- _TASK TO COMPLETE_
With pictures left out, retype exactly the lines from the one containing "1 Yards Lacefield" through the final line of the entries.

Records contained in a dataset
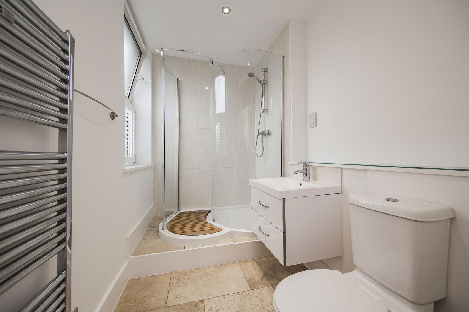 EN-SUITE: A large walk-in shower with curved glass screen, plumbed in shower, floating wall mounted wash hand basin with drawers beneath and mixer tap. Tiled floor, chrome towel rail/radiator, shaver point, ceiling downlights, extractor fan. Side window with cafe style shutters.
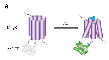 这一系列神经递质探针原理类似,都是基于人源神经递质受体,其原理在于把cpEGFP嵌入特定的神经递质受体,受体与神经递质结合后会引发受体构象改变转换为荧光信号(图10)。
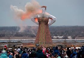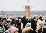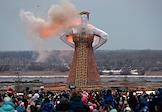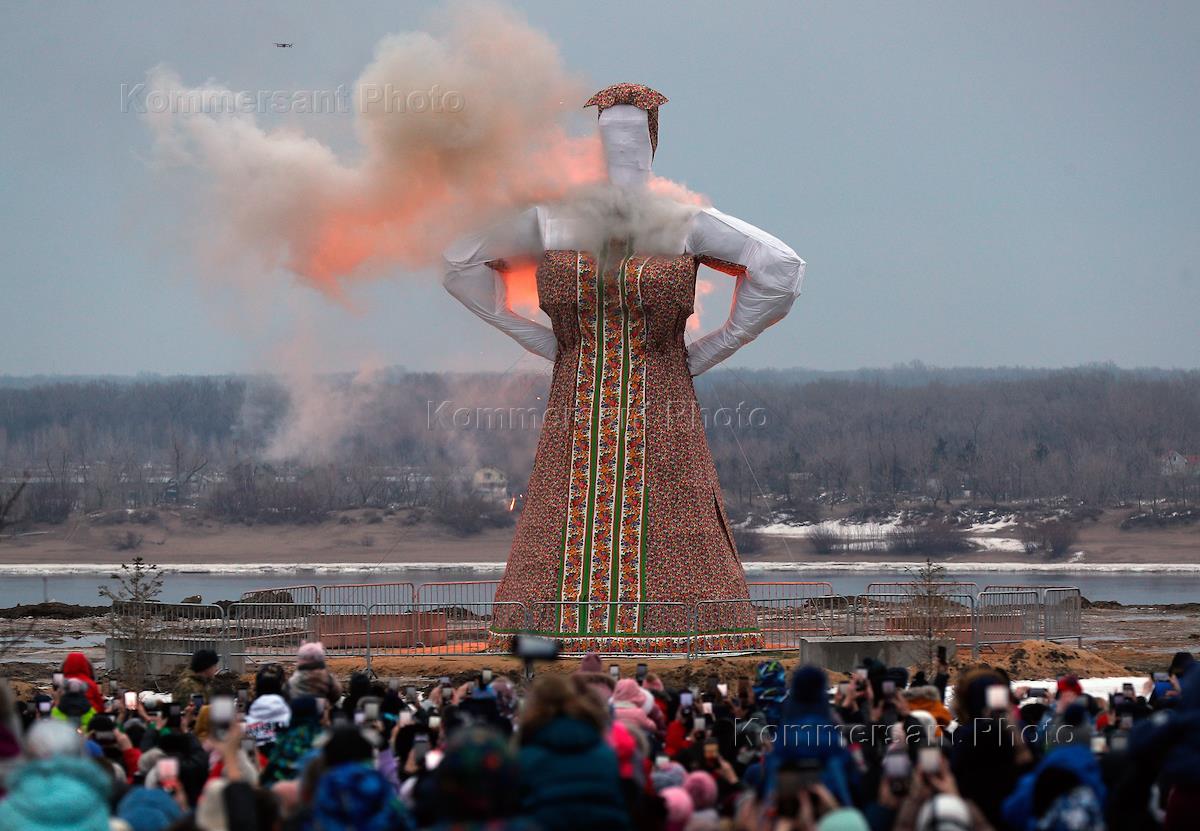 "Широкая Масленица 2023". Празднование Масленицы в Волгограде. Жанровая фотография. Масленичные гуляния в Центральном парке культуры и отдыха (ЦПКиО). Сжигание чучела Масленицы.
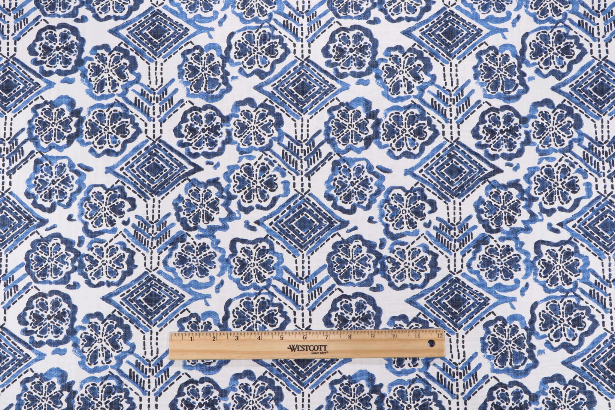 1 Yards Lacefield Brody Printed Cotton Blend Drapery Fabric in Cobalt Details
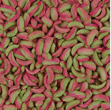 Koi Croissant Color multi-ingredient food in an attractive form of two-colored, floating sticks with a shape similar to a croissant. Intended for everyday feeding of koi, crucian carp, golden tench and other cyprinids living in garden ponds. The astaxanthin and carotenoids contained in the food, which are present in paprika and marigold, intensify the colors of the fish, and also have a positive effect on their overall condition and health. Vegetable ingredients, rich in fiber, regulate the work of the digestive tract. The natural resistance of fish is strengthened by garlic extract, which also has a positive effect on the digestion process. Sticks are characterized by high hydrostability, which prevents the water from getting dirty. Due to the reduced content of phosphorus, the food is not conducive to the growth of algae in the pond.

- _TASK SOLUTION_
 1 Yards Lacefield Brody Printed Cotton Blend Drapery Fabric in Cobalt Details
 Koi Croissant Color multi-ingredient food in an attractive form of two-colored, floating sticks with a shape similar to a croissant. Intended for everyday feeding of koi, crucian carp, golden tench and other cyprinids living in garden ponds. The astaxanthin and carotenoids contained in the food, which are present in paprika and marigold, intensify the colors of the fish, and also have a positive effect on their overall condition and health. Vegetable ingredients, rich in fiber, regulate the work of the digestive tract. The natural resistance of fish is strengthened by garlic extract, which also has a positive effect on the digestion process. Sticks are characterized by high hydrostability, which prevents the water from getting dirty. Due to the reduced content of phosphorus, the food is not conducive to the growth of algae in the pond.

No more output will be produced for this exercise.